The most remarkable thing about the Windsor and Perry decisions is that they were wonderful victories for the gay community but left for another day the real question about the constitutionality of gay marriage bans. In the DOMA case, the Court only spoke about the injustice of discriminating against already married gay couples, wherever those couples happen to get hitched. And in the Prop 8 case, the Court dismissed the appeal because the procedure wasn't correct.
Scalia, of course, didn't think Windsor was so narrow. To him, Justice Kennedy's majority opinion all but cut the wedding cake at gay nuptials throughout the country. He argued — much like he argued in his dissent in Lawrence v. Texas in 2003 — that the Court's reasoning puts the law on a logical path toward eradicating the state's power to discriminate against gays wishing to marry. "As far as this Court is concerned," Scalia said, "no one should be fooled; it is just a matter of listening and waiting for the other shoe." He dares lower court judges to try to read Windsor any more narrowly, which, he meanders to argue, would, paradoxically, be both the right thing to do and impossible given the Court's broad language.
That's a treacherous path to navigate. At one point, he's calling for judicial nullification: he admits that the Windsor decision is broad and yet asks lower courts to treat it narrowly and undo whatever the Court supposedly did. He also takes on the canard of the inevitability of marriage freedom. The freedom to marry from coast to coast is not inevitable and Windsor, while getting us a step closer to our goal, by no means ends the debate. Scalia stridently ignores the fact that impact litigation and political victories are contingent results of contingent factors, from legal developments, to political will, to popular concern, to unknowable future events. To say that one decision today makes certain a very uncertain future is to overstate what the Court did and understate the battle we have ahead of us.
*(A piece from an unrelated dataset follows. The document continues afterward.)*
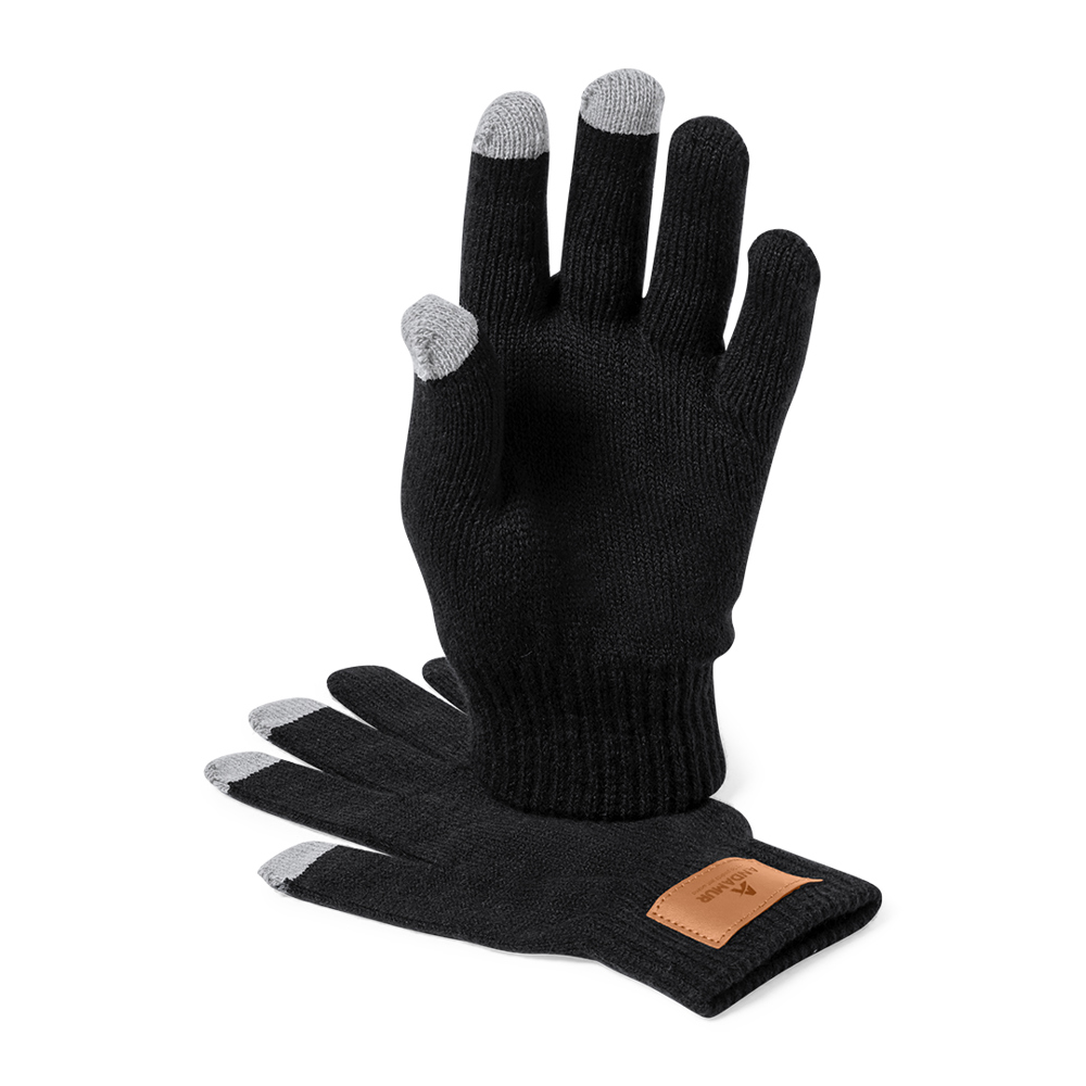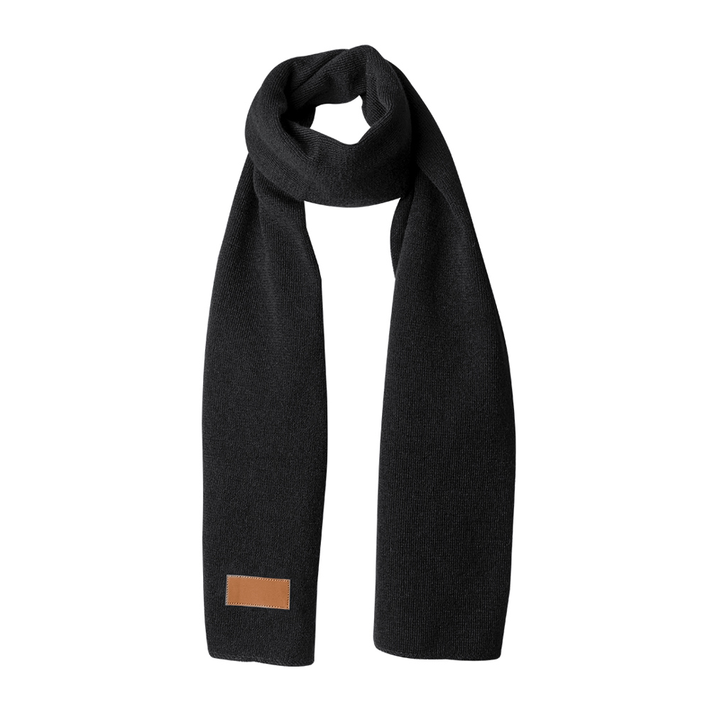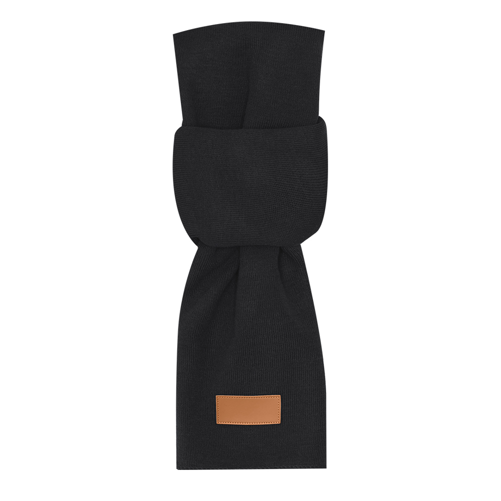 3-piece set: hat, scarf and touch gloves, ideal for providing comfort and functionality on cold days. Each piece features a brown PU stitched label, perfect for branding. Presented in an elegant black box.

But that's not even the worst of it. After using his first few pages to argue that the case is not properly before the Court — an issue we discussed here — and calling the majority "arrogant" for its insistence on reaching the merits of Edie Windsor's case, Scalia decided to jump in to the merits of the case anyway. Let's set aside that fancy footwork — what Laurence Tribe aptly called "chutzpah" — for the moment. Scalia then tried to confuse us about what the case is really about. The majority, he said, lulled us into thinking that DOMA is unconstitutional because it took away powers from the States, e.g., it was a violation of federalism, not equal rights, and then actually decided the case on due process (a lawyerly phrase for "fairness" and "justice") grounds.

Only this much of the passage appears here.